I see. I guess I misunderstood your questions.


----------



## 660griz (Mar 22, 2017)

j_seph said:


> They have pools in Hogansville?



We call em cement ponds.


----------



## ambush80 (Mar 23, 2017)

j_seph said:


> Again, yes you can have blood test, DNA to scientifcally prove they are your Bio Parents. Your question was Is there anything in your life that you believe in prior to having evidence. You have no evidence other than you believe that they are your bio parents.
> 
> 
> 
> ...



That's not good enough evidence for me and it wouldn't be for you either if someone was claiming the same things about the power of some other God that you don't personally believe in.


----------



## j_seph (Mar 23, 2017)

ambush80 said:


> That's not good enough evidence for me and it wouldn't be for you either if someone was claiming the same things about the power of some other God that you don't personally believe in.

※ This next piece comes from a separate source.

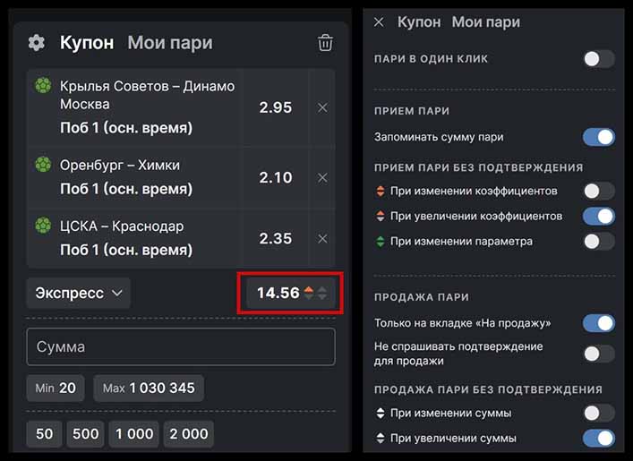 Нажав на шестеренку, можно настроить корзину сделок по предпочтениям пользователя. Бетторам разрешено указать действия конторы в случае изменения коэффициентов, установить прием пари в один клик, выбрать вид купона и воспользоваться другими полезными опциями.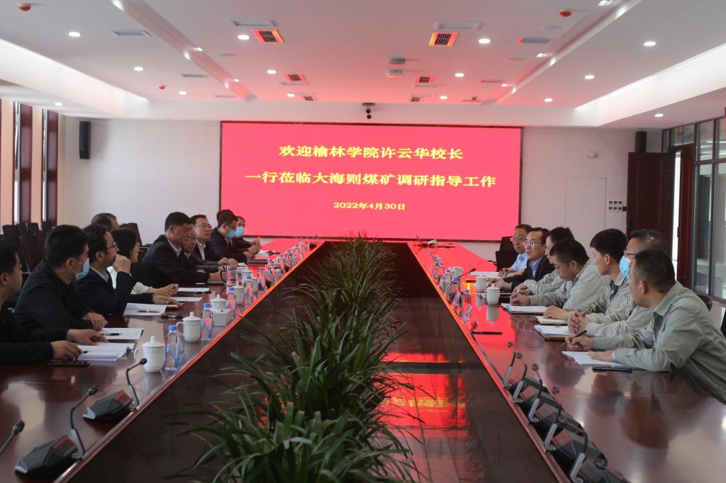 为了促进校企产学研合作,推进bat365正版唯一官网大学建设进程,4月30日下午,校长许云华,副校长张晓一行赴中煤陕西榆林大海则煤业有限公司调研。中煤陕西分公司副总经理冯占军、大海则煤业有限公司董事长马冠超、总工程师杨国强全程陪同调研。

There is only one God, one creator. Almost sounds as you are confused or rather cannot make up your mind if there is one God or not. Like it says in 1 John, try the spirits. Until you experience it you will never understand and even then there will be no full understanding of it all.

1 John 4:1-5

4 Beloved, believe not every spirit, but try the spirits whether they are of God: because many false prophets are gone out into the world.

2 Hereby know ye the Spirit of God: Every spirit that confesseth that Jesus Christ is come in the flesh is of God:

3 And every spirit that confesseth not that Jesus Christ is come in the flesh is not of God: and this is that spirit of antichrist, whereof ye have heard that it should come; and even now already is it in the world.

4 Ye are of God, little children, and have overcome them: because greater is he that is in you, than he that is in the world.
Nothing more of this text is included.